Since the iTunes music store opened, Apple has applied copyright protection code to music you buy at the store. In 2007, Apple and EMI reached a deal to sell music without the copyright protection - for an additional fee. You basically couldn't play it on any device except on an authorized device, and ultimately, if they decided to do so, the company would have the ability to shut of your access. Well, yesterday Apple announced it had reached a deal with the other three major music label groups to let people buy 10 million songs from a number of music labels without DRM. So once you own it, you own it.
The company also rolled out a three-tiered pricing plan, pricing tracks at 69 cents, 99 cents or $1.29, rather than all tracks being 99 cents. (As far as I could tell, it hadn't been implemented in the iTunes store as of this morning.) So now Apple has joined other major music stores, such as Amazon.com, in selling DRM-free music.
There are of course, catches.

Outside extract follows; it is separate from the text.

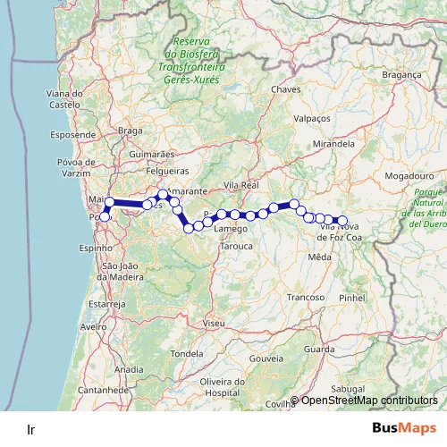 The first stop of the Ir rail route is Pocinho and the last stop is Porto Campanha. Ir is operational during everyday.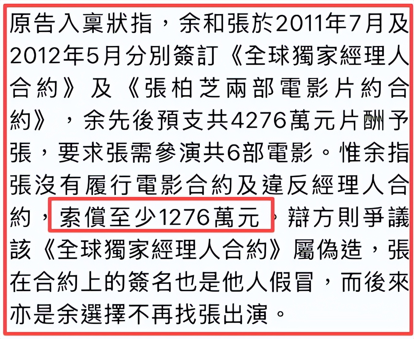 张柏芝还当庭爆料,【余毓兴和她合作时,收1500万片酬,却和她说是700万,曾数次伪造假合同】。

You can upgrade all the tunes you have bought on iTunes before now, too - but it will cost you 30 cents per song for the upgrade.
That has some folks, like Erick Shoenfeld at TechCrunch, calling it the
$1.8 billion Apple tax.
But it ends an era online - an era that spawned Napster and other peer-to-peer networks, and nearly spelled the death of the slow-to-accept-the-need-for-change music industry. We'll have to see what the new, DRM-free music means for them - but for users, it can be summed up in three words.
It's about time.
Apple is also now letting iPhone users buy songs (under 10MB) over 3G connections (and EDGE connections, if you *really* have time on your hands.)
Apple also made a few other announcements. The company rolled out updates to iPhoto, iMovie and iWork software, and announced a 17-inch version of the new Macbook Pros they released late last year.